ー25ー 【異世界~握手】
「改めまして、インロンです。サトルさんの活躍を耳にし、是非お供したいと思い、馳せ参じた次第です」
インロンは、悟に尊敬の念を抱いているらしく、悟だけを見て話している。
アリマは頭を掻きながら尋ねた。
「いやぁ助かったよ。サトルの噂って、天上世界にも轟いてるんだ?」
インロンは軽蔑した目をアリマに向けた。
「当たり前だろ。デイタラボノス退治に名乗りを挙げるだけでも勇気があるが、容易く成し遂げてしまうところが素晴らしい。仲間の個々の能力は大したことはないが、それを戦術と、咄嗟の判断力で補っている。学ぶべきところしかない」
アリマはカチンと来たが、彼なりに称賛しているのだと、自分を無理矢理納得させた。
周りの家屋に灯りが戻った。やはりゴミモンが原因だったようだ。
「拙者は発電所の中から見たのですが、あの怪物が発電機の中まで入り込んで、機能を停止させてしまったようです」
「インロンがゴミモンを食べちゃったから、ポリュートの呪いは解けたけど、あの廃棄物は問題よね」
セトが問題提起した。
「周りに住む人達の健康状態が心配だよね。オメガ王はあの廃棄物のことを知っているんだろうか」
「知っているとは思う。天上世界に住む人達は、あの村のことはみんな知ってるのよ。なんて言うか、知ってて、見て見ぬふりをしてるの。天上世界の住人として恥ずべき話だけど」
悟の質問に答えたのは、マコだった。
見て見ぬふり、そのとおりなんだろう。電力のために発電所は必要だが、危険な雷雲や廃棄物は遠ざけたい。発電所で働く人達は必要だが、その影響で健康被害を受けているかは知りたくない。

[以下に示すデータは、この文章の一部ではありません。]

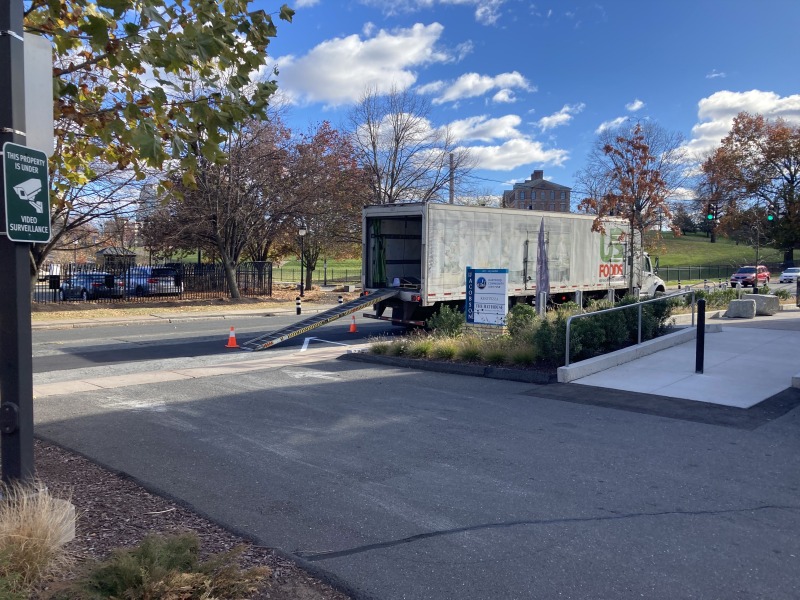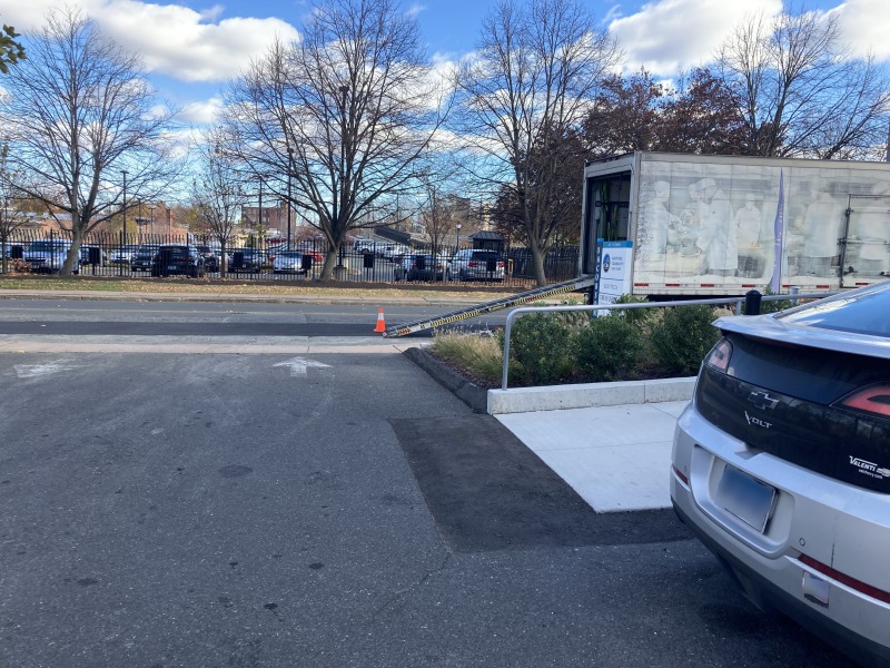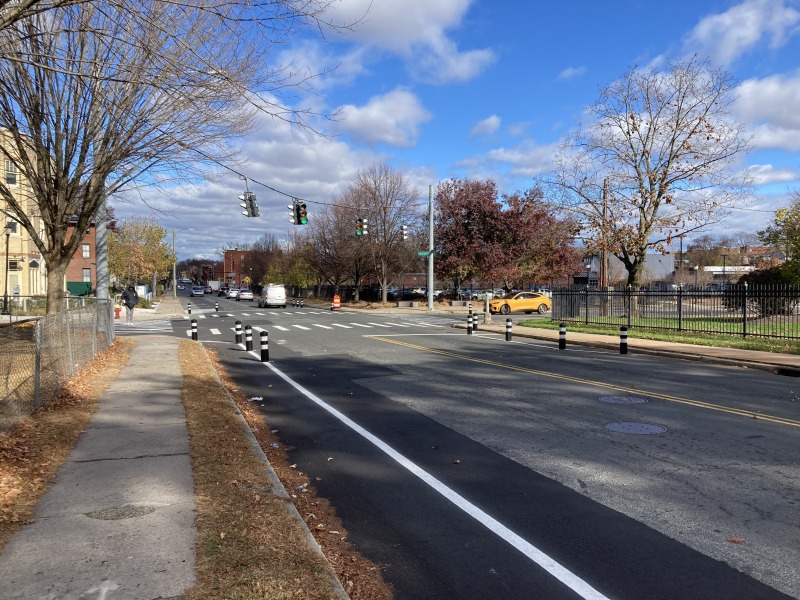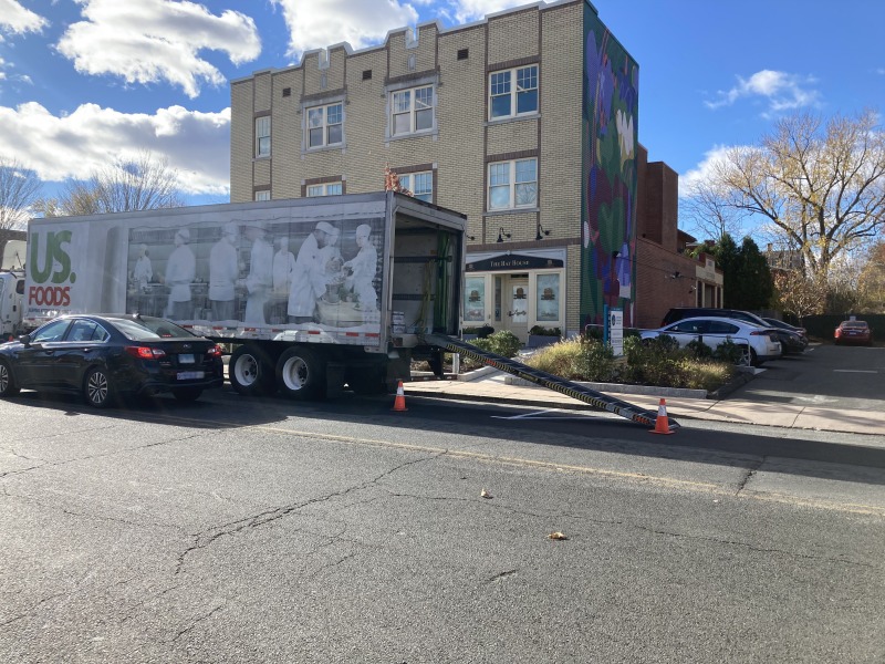 Not to be a downer or anything, but the new traffic pattern eliminated one parking space in front of 207 Garden Street. That matters because those parking spaces also serve as a loading zone for Kent Pizza, and the truck here today had less room for that. A big deal? Not probably, but a different driver could see the new pattern differently than this one did.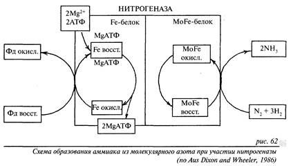 Конечным продуктом фиксации азота является аммиак. В процессе восстановления азота до аммиака участвует мультиферментный комплекс - нитрогеназа. Нитрогеназа состоит из двух компонентов: MoFe-белок и Fe-белок. MoFe-белок содержит молибден, железо и серу и осуществляет связывание и восстановление азота. Fe-белок содержит железо и серу, участвует в транспорте электронов от их доноров (ферредоксин) на MoFe-белок.

だが、目を背け続けても、問題は解決しないばかりか、今回のような、新たな問題の引き金にさえなる。
全体の利益のために一部の弱者が割を食う話はよくある話だが、それを統治する王までもが黙認していてよいものか。しかも、廃棄物の問題は何か解決策が見いだせるはずだ。手をつけていないのは怠慢と言ってもいい。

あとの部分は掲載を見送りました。